Start of Supplied data
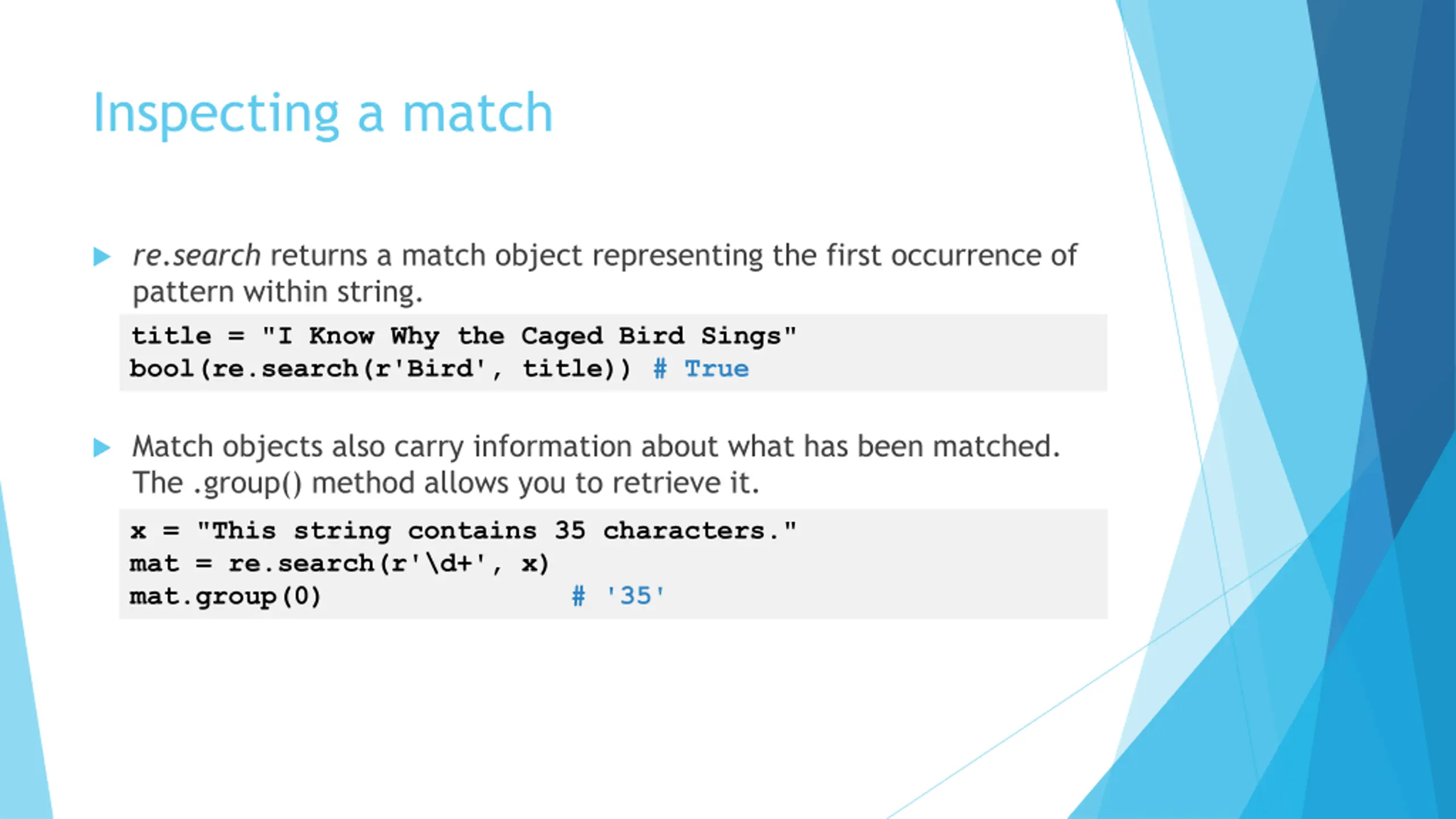 Inspecting a match re.search returns a match object representing the first occurrence of pattern within string. title = "I Know Why the Caged Bird Sings" bool(re.search(r'Bird', title)) # True Match objects also carry information about what has been matched. The .group() method allows you to retrieve it. x = "This string contains 35 characters." mat = re.search(r'\d+', x) mat.group(0) # '35'
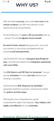 Access detailed reports suitable for sales, materials estimation, and insurance purposes.
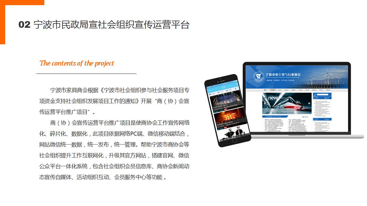 宁波市家具商会自2014年起,承接宁波市民政局关于《宁波市商协会互联网宣传运营平台》项目,其主要目的在于为在甬协会提供PC端网站平台和移动端微信公众平台的搭建。
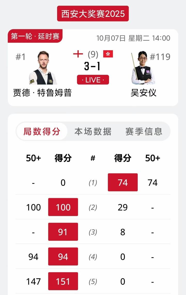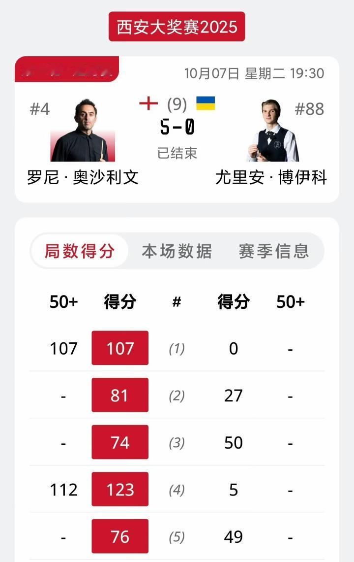 2025斯诺克西安大奖赛,奥沙利文vs博伊科,这是奥沙利文第1000场排名赛。 奥沙利文5-0博伊科 完美的第1000,两杆单杆过百,破百总数1302。 特鲁姆普打出职业生涯第9杆147,时隔三年,准神重返巅峰。
End of Supplied data
A word-for-word copy of the lines from the start of the listing through the line containing "Access detailed reports" is the answer. Pictures stay out of it.

§ **Written solution**
 Inspecting a match re.search returns a match object representing the first occurrence of pattern within string. title = "I Know Why the Caged Bird Sings" bool(re.search(r'Bird', title)) # True Match objects also carry information about what has been matched. The .group() method allows you to retrieve it. x = "This string contains 35 characters." mat = re.search(r'\d+', x) mat.group(0) # '35'
 Access detailed reports suitable for sales, materials estimation, and insurance purposes.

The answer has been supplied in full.